(EXCERPTED DATA begins)

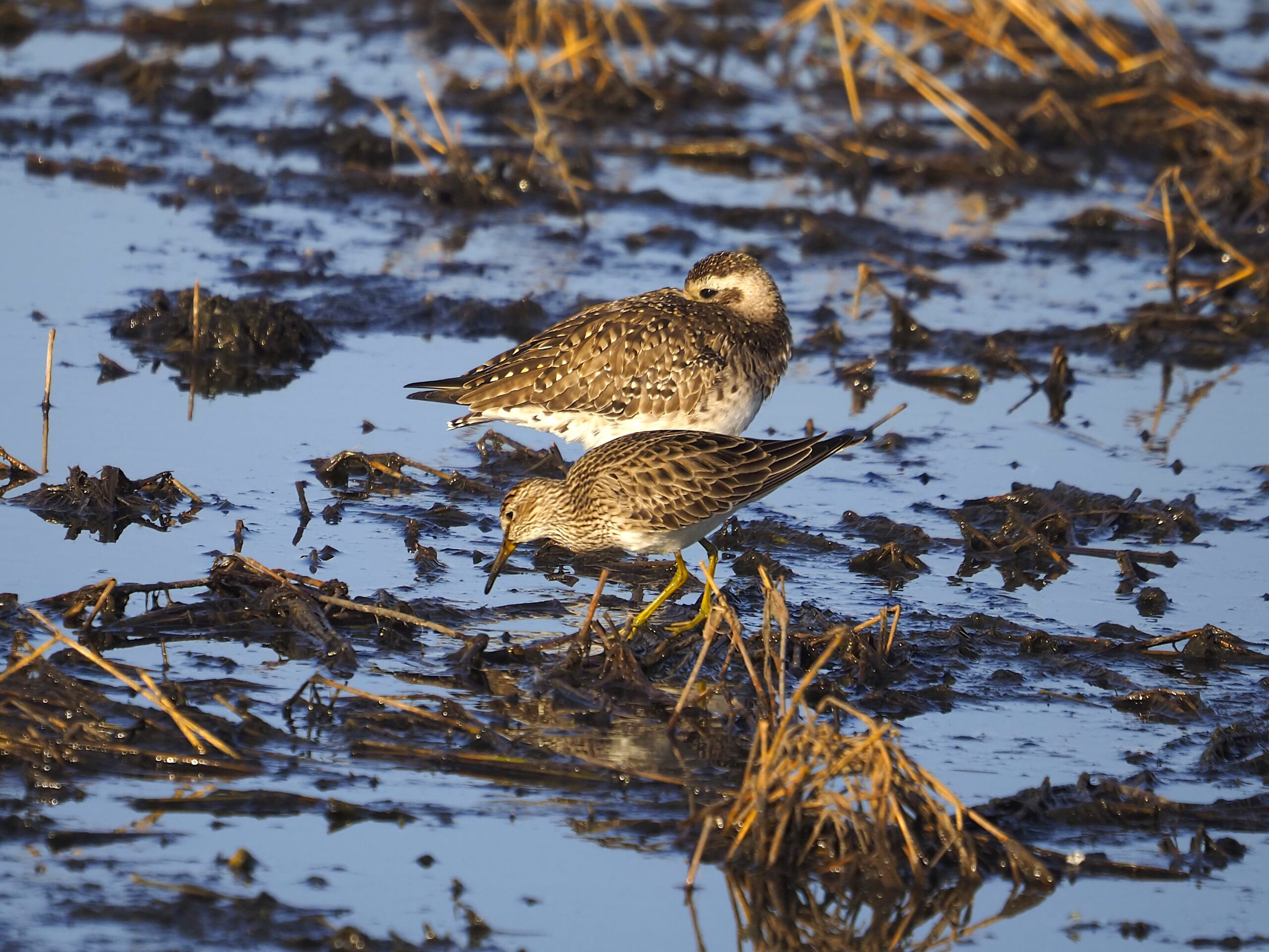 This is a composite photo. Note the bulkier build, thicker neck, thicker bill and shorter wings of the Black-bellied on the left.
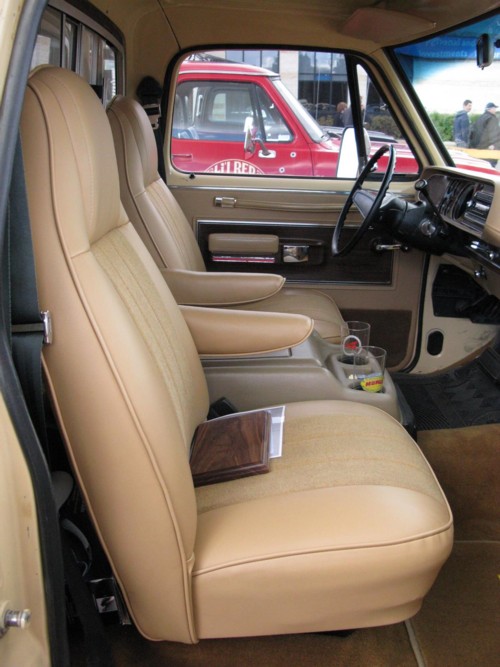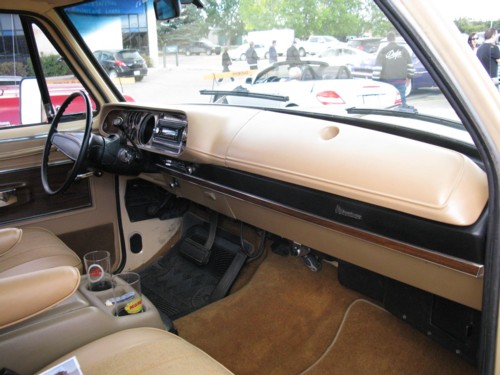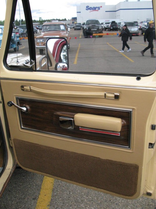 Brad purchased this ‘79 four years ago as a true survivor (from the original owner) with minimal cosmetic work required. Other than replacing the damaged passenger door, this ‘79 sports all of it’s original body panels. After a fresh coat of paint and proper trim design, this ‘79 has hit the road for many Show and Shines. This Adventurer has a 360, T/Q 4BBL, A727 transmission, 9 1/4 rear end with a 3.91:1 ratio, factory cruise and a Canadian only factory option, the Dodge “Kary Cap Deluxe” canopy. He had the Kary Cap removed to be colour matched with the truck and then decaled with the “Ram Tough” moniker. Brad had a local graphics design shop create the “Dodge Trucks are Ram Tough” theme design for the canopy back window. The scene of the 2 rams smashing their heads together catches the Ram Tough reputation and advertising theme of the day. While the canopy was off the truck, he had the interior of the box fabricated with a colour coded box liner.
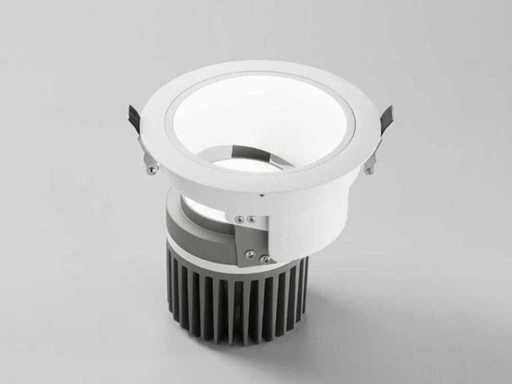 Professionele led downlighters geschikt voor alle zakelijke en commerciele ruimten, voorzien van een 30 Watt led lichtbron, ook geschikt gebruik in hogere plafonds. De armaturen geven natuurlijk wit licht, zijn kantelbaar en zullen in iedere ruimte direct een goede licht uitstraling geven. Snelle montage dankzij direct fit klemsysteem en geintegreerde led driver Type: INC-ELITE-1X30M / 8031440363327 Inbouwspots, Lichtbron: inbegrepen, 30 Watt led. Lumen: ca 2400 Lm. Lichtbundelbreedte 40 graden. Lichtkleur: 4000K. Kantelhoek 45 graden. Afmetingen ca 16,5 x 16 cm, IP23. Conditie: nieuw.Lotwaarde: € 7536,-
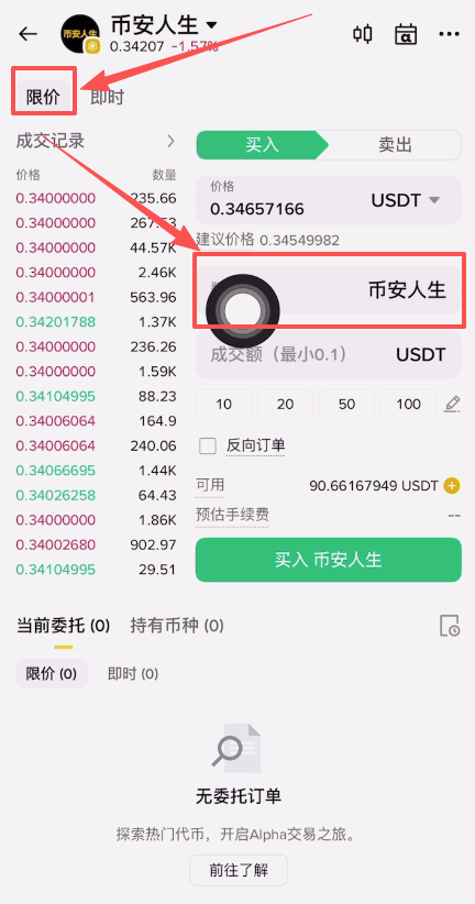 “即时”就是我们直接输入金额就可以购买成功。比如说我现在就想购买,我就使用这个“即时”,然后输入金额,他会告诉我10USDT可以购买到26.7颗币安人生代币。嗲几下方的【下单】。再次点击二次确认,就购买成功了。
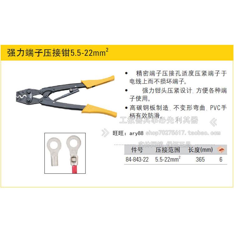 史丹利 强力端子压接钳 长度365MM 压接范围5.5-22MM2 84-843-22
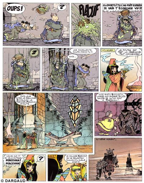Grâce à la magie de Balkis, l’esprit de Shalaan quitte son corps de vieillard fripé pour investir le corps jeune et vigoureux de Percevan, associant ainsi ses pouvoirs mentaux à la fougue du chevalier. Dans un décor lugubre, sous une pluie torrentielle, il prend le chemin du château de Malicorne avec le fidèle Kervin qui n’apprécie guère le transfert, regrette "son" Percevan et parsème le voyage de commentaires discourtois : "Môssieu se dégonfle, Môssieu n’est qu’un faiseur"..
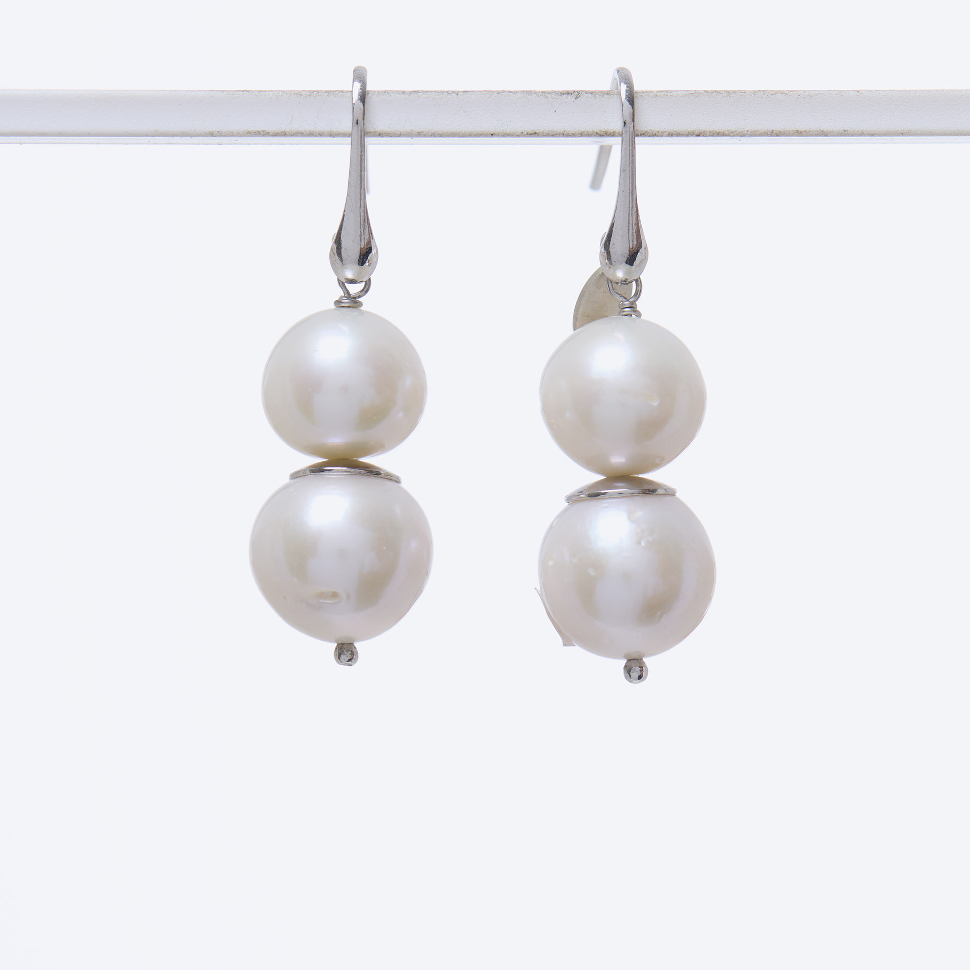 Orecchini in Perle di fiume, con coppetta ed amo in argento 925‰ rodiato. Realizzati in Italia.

(EXCERPTED DATA ends)

• [INSTRUCTIONS TO FOLLOW] Leave the pictures out and reproduce all of the records exactly.

• [RESULT OF THIS TASK]
 This is a composite photo. Note the bulkier build, thicker neck, thicker bill and shorter wings of the Black-bellied on the left.
 Brad purchased this ‘79 four years ago as a true survivor (from the original owner) with minimal cosmetic work required. Other than replacing the damaged passenger door, this ‘79 sports all of it’s original body panels. After a fresh coat of paint and proper trim design, this ‘79 has hit the road for many Show and Shines. This Adventurer has a 360, T/Q 4BBL, A727 transmission, 9 1/4 rear end with a 3.91:1 ratio, factory cruise and a Canadian only factory option, the Dodge “Kary Cap Deluxe” canopy. He had the Kary Cap removed to be colour matched with the truck and then decaled with the “Ram Tough” moniker. Brad had a local graphics design shop create the “Dodge Trucks are Ram Tough” theme design for the canopy back window. The scene of the 2 rams smashing their heads together catches the Ram Tough reputation and advertising theme of the day. While the canopy was off the truck, he had the interior of the box fabricated with a colour coded box liner.
 Professionele led downlighters geschikt voor alle zakelijke en commerciele ruimten, voorzien van een 30 Watt led lichtbron, ook geschikt gebruik in hogere plafonds. De armaturen geven natuurlijk wit licht, zijn kantelbaar en zullen in iedere ruimte direct een goede licht uitstraling geven. Snelle montage dankzij direct fit klemsysteem en geintegreerde led driver Type: INC-ELITE-1X30M / 8031440363327 Inbouwspots, Lichtbron: inbegrepen, 30 Watt led. Lumen: ca 2400 Lm. Lichtbundelbreedte 40 graden. Lichtkleur: 4000K. Kantelhoek 45 graden. Afmetingen ca 16,5 x 16 cm, IP23. Conditie: nieuw.Lotwaarde: € 7536,-
 “即时”就是我们直接输入金额就可以购买成功。比如说我现在就想购买,我就使用这个“即时”,然后输入金额,他会告诉我10USDT可以购买到26.7颗币安人生代币。嗲几下方的【下单】。再次点击二次确认,就购买成功了。
 史丹利 强力端子压接钳 长度365MM 压接范围5.5-22MM2 84-843-22
Grâce à la magie de Balkis, l’esprit de Shalaan quitte son corps de vieillard fripé pour investir le corps jeune et vigoureux de Percevan, associant ainsi ses pouvoirs mentaux à la fougue du chevalier. Dans un décor lugubre, sous une pluie torrentielle, il prend le chemin du château de Malicorne avec le fidèle Kervin qui n’apprécie guère le transfert, regrette "son" Percevan et parsème le voyage de commentaires discourtois : "Môssieu se dégonfle, Môssieu n’est qu’un faiseur"..
 Orecchini in Perle di fiume, con coppetta ed amo in argento 925‰ rodiato. Realizzati in Italia.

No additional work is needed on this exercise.